Constructing an NPZ file
A StaticFrame NPZ is a typical uncompressed ZIP file that incorporates array knowledge in NPY information and metadata (with element sorts and names) in a JSON file.
Contemplating the NPZ file for the Body
above we will point out its contents ZipFile
. The archive incorporates six NPY information and one JSON file.
>>> with ZipFile('/tmp/body.npz') as zf: print(zf.namelist())
['__values_index_0__.npy', '__values_index_1__.npy', '__values_columns_0__.npy', '__values_columns_1__.npy', '__blocks_0__.npy', '__blocks_1__.npy', '__meta__.json']
Within the picture under, these information are mapped to parts of the DataFrame diagram.
StaticFrame extends the NPZ format with metadata in a JSON file. This file defines title attributes, element sorts, and depth counts.
>>> with ZipFile('/tmp/body.npz') as zf: print(zf.open('__meta__.json').learn())
b'"__names__": ["p", "r", "q"], "__types__": ["IndexHierarchy", "IndexHierarchy"], "__types_index__": ["IndexYearMonth", "Index"], "__types_columns__": ["Index", "Index"], "__depths__": [2, 2, 2]'
Within the picture under are parts of the __meta__.json
file are assigned to parts of the DataFrame diagram.

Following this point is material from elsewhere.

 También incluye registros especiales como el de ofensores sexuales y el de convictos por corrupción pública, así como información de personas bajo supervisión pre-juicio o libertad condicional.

As a easy ZIP file, instruments to extract the contents of a StaticFrame NPZ are ubiquitous. Alternatively, the ZIP format, given its historical past and broad options, entails efficiency overhead. StaticFrame implements a customized ZIP reader optimized for NPZ utilization, which contributes to NPZ’s wonderful studying efficiency.

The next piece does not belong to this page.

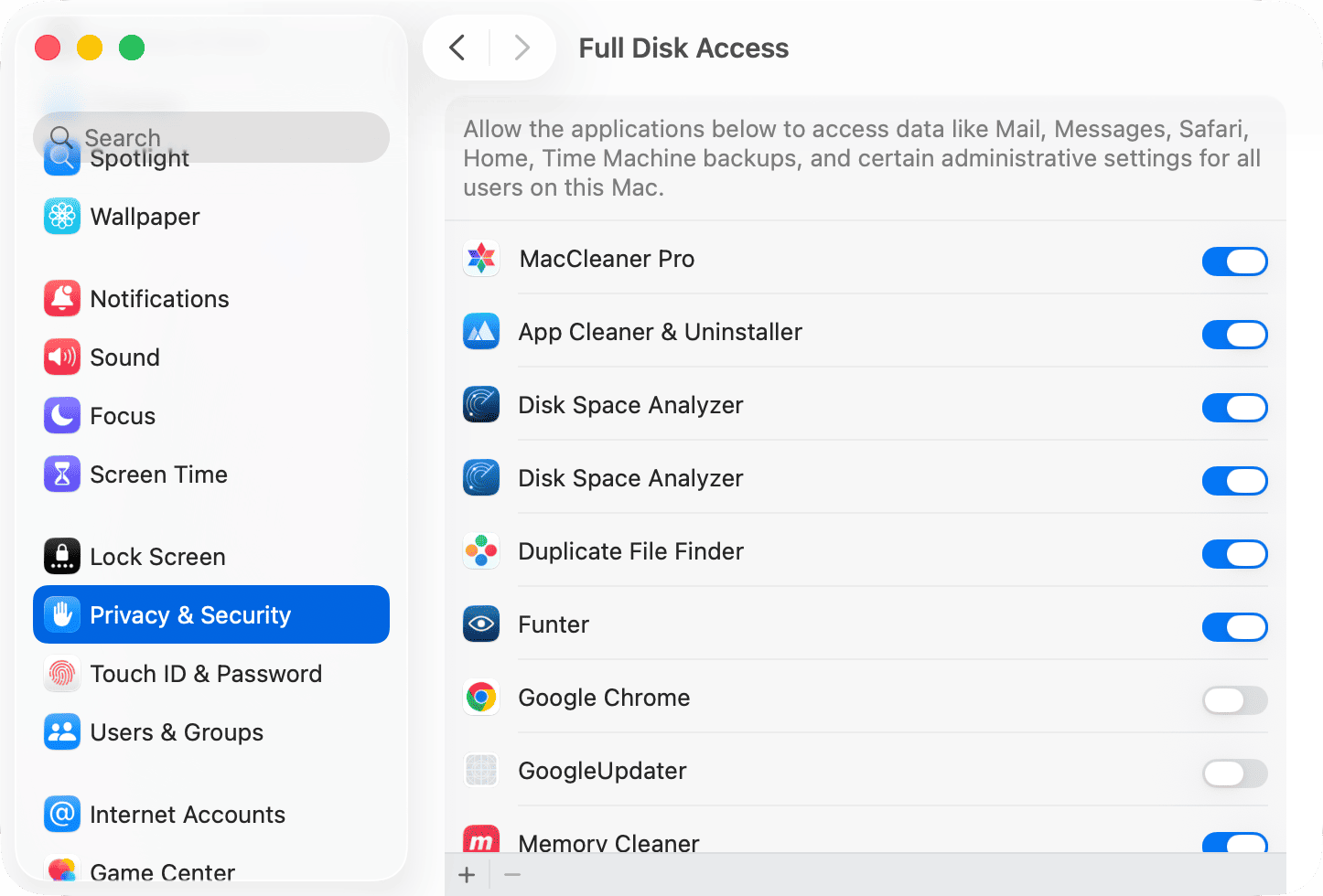 Click Open System Settings → in the Full Disk Access list, toggle on MacCleaner Pro.

The efficiency of DataFrame serialization is crucial for a lot of purposes. Though Parquet enjoys broad help, its generality compromises sort specificity and efficiency. StaticFrame NPZ can learn and write DataFrames as much as ten instances quicker than Parquet, with or with out compression, with comparable (or solely modestly bigger) file sizes. Whereas Feather is a pretty various, NPZ’s learn efficiency remains to be typically twice as quick as Feather. When knowledge I/O is a bottleneck (and it typically is), StaticFrame NPZ offers an answer.